TASK DATA:
━━━━━━━━

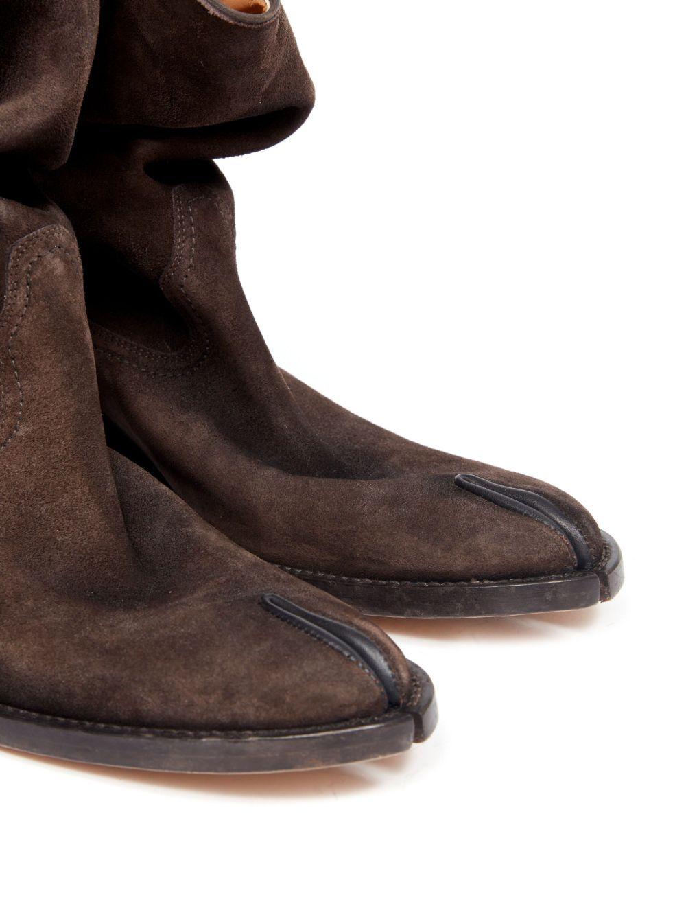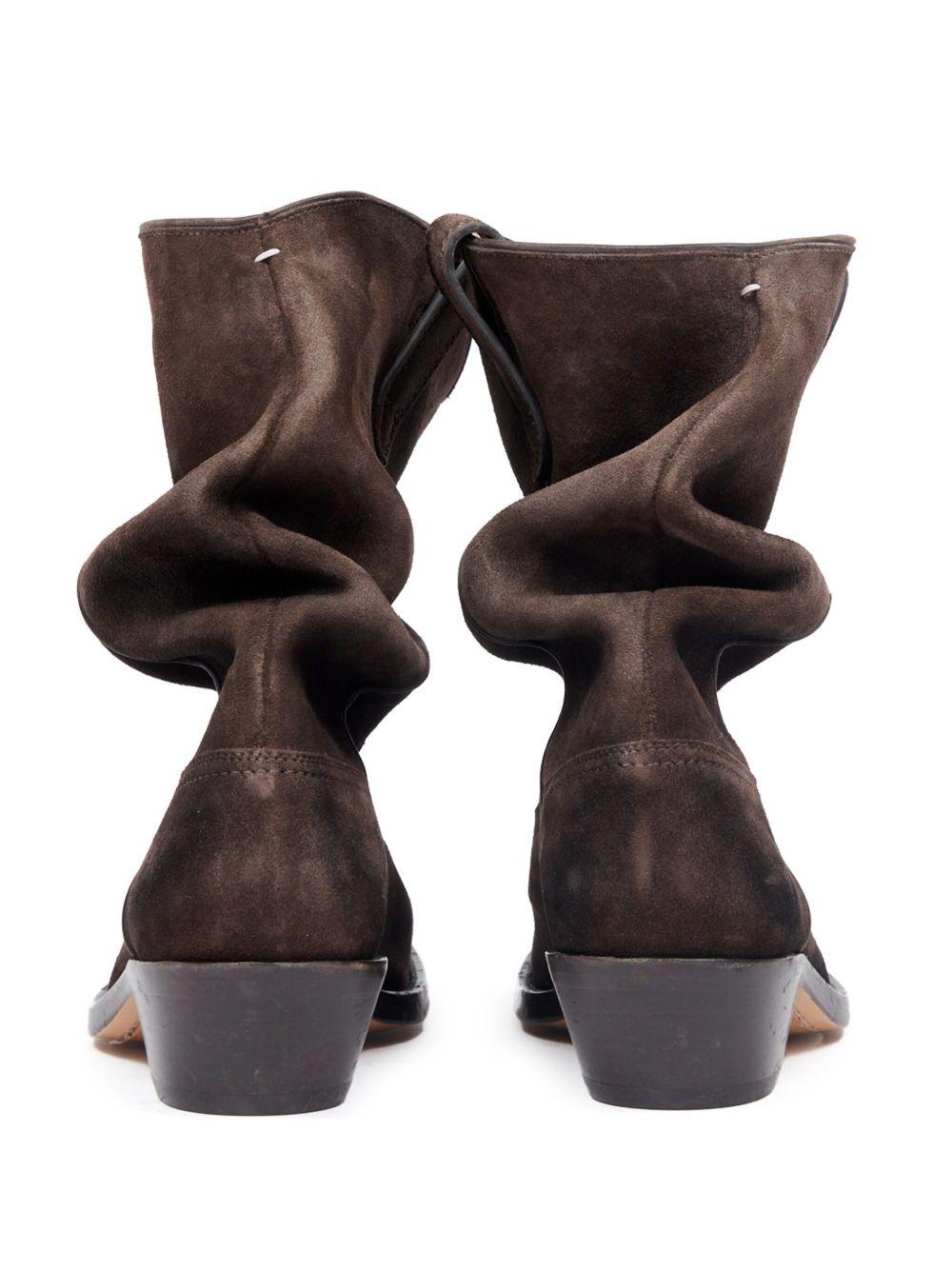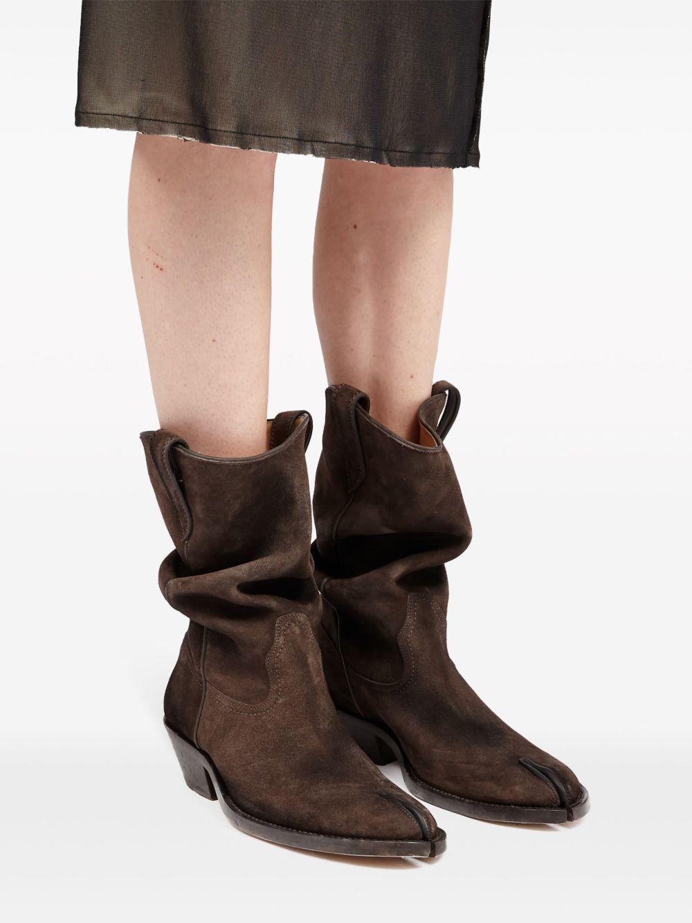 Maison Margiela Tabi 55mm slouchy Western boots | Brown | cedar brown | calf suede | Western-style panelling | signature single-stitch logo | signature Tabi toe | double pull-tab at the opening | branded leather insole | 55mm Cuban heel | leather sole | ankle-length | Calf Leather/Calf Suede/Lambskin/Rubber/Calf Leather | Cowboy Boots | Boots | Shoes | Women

━━━━━━━━

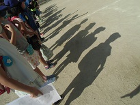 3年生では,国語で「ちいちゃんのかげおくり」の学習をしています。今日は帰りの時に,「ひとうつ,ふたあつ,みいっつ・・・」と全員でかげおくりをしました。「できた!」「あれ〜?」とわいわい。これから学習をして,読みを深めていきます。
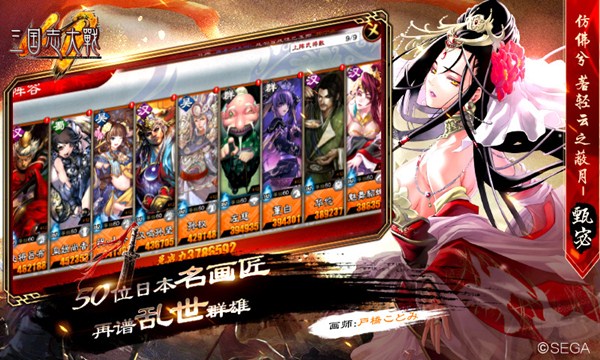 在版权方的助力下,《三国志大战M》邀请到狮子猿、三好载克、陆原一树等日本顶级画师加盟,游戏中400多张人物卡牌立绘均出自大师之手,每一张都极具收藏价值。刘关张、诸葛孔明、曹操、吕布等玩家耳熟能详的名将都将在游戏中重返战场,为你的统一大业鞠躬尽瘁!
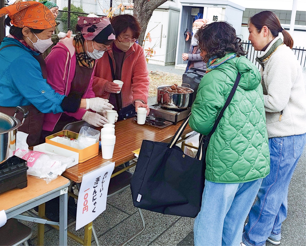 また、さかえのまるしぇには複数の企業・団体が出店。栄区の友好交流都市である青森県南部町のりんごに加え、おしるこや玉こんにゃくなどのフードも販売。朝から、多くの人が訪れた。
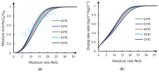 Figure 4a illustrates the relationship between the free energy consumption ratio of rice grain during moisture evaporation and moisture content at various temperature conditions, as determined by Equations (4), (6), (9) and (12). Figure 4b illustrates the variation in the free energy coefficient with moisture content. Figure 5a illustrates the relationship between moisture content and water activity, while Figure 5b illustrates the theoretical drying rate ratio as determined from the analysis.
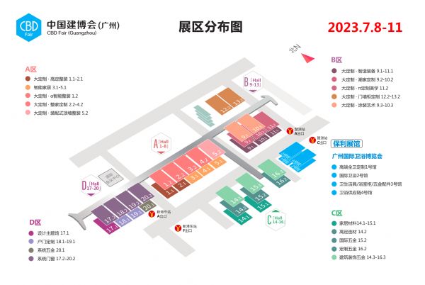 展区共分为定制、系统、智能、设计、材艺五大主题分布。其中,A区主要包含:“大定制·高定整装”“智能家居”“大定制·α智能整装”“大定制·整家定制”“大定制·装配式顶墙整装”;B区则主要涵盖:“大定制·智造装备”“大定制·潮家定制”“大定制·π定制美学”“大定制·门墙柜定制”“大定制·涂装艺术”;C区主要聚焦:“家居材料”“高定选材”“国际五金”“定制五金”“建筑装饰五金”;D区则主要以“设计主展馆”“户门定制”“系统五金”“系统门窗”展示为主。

━━━━━━━━

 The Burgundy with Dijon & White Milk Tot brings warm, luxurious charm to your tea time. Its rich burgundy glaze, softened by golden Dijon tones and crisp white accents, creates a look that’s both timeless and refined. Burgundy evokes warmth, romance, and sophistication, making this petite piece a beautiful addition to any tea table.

━━━━━━━━

WHAT IS REQUIRED:
Your answer must be the lines above from the one holding "在版权方的助力下,《三国志大" up to and including the one holding "展区共分为定制、系统、智能、", exact and with no pictures.

ANSWER BELOW:
 在版权方的助力下,《三国志大战M》邀请到狮子猿、三好载克、陆原一树等日本顶级画师加盟,游戏中400多张人物卡牌立绘均出自大师之手,每一张都极具收藏价值。刘关张、诸葛孔明、曹操、吕布等玩家耳熟能详的名将都将在游戏中重返战场,为你的统一大业鞠躬尽瘁!
 また、さかえのまるしぇには複数の企業・団体が出店。栄区の友好交流都市である青森県南部町のりんごに加え、おしるこや玉こんにゃくなどのフードも販売。朝から、多くの人が訪れた。
 Figure 4a illustrates the relationship between the free energy consumption ratio of rice grain during moisture evaporation and moisture content at various temperature conditions, as determined by Equations (4), (6), (9) and (12). Figure 4b illustrates the variation in the free energy coefficient with moisture content. Figure 5a illustrates the relationship between moisture content and water activity, while Figure 5b illustrates the theoretical drying rate ratio as determined from the analysis.
 展区共分为定制、系统、智能、设计、材艺五大主题分布。其中,A区主要包含:“大定制·高定整装”“智能家居”“大定制·α智能整装”“大定制·整家定制”“大定制·装配式顶墙整装”;B区则主要涵盖:“大定制·智造装备”“大定制·潮家定制”“大定制·π定制美学”“大定制·门墙柜定制”“大定制·涂装艺术”;C区主要聚焦:“家居材料”“高定选材”“国际五金”“定制五金”“建筑装饰五金”;D区则主要以“设计主展馆”“户门定制”“系统五金”“系统门窗”展示为主。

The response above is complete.